Anke Stoneman
4 min readApr 26, 2021

Learning to Read German is Like Learning to Cook– Part Two

If you know your ingredients and know how they are put together you can make a good meal. If you have the vocabulary and the grammar rules of sentences you can already write a sentence — as we saw in part one of this article.

But that is not enough if you want subtlety, in writing German as well as in making a delicious meal.

Sentence structure and vocabulary can be learned almost like a computer — logically! Where it gets stickier is when the understanding depends on idiomatic, slang, or dialect expressions which only make sense in context and cannot be translated in a straightforward manner. With an insightful cultural background and context, you can read between the lines to be able to convey the meaning that is not explicitly on the page.

Let’s take a look at an example of a culturally loaded sentence:

Der Feuchtwanger und seine Spezis, die sich vor 1933 regelmässig jeden Dienstag im Paulaner-Garten trafen, tranken normalerweise eine Mass, was er dann später im Exil vermisste. Feuchtwanger and his pals, who met regularly before 1933 every Tuesday in the Paulaner Garden, drank normally one liter of beer, which he later missed while in exile.

How is that sentence culturally loaded?

In order to fully understand the meaning of this sentence while reading between the lines, it is necessary to have some background knowledge of the culture. Let’s take a look:

· Paulaner is a synonym for beer because it is the name of a brewery and thus a beer brand.

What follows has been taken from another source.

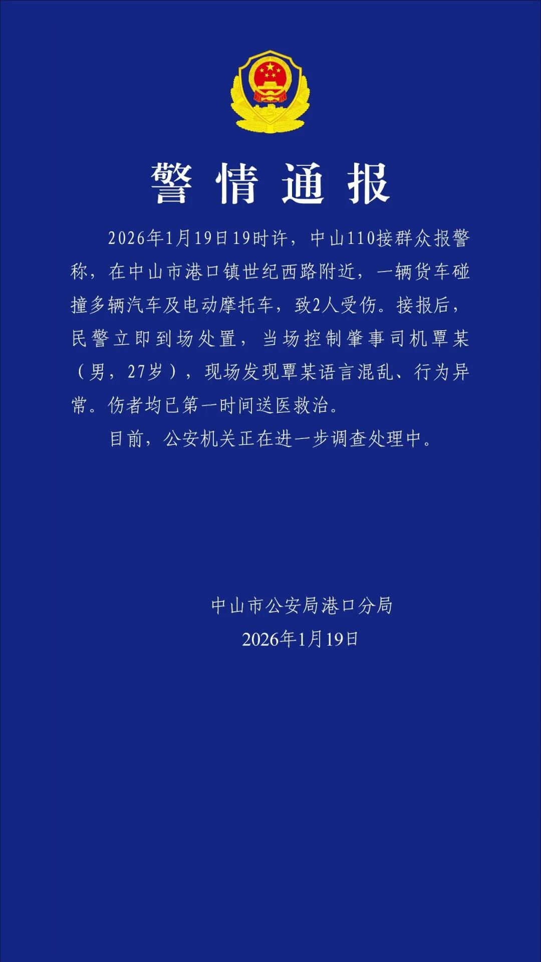 2026年1月19日19时许,中山110接群众报警称,在中山市港口镇世纪西路附近,一辆货车碰撞多辆汽车及电动摩托车,致2人受伤。接报后,民警立即到场处置,当场控制肇事司机覃某(男,27岁),现场发现覃某语言混乱、行为异常。伤者均已第一时间送医救治。

· Every brewery in Munich has its own beer garden.

· “Eine Mass” is a special one-liter glass for beer in Bavaria.

· “Spezis” is Bavarian dialect for “pals”.

· 1933 was the year the Nazis came to power. Jews, communists, and enemies of the Nazi regime were persecuted and forced to flee Germany in order to survive.

To go one step further in even better understanding the sentence, you should be familiar with the name Lion Feuchtwanger. He was a leftist German writer from Munich who had written a book about the evils of the Nazis before their rise to power in1933. When he was later exiled to France and then to the USA, where there are hardly any beer gardens and you cannot get a “Mass”, and a Paulaner beer certainly wasn’t available, he most likely would have missed that.

By learning the culture, we can learn to read German whereas computer translations fall short. Let’s take a look at Google’s and DeepL’s translations of our example sentence.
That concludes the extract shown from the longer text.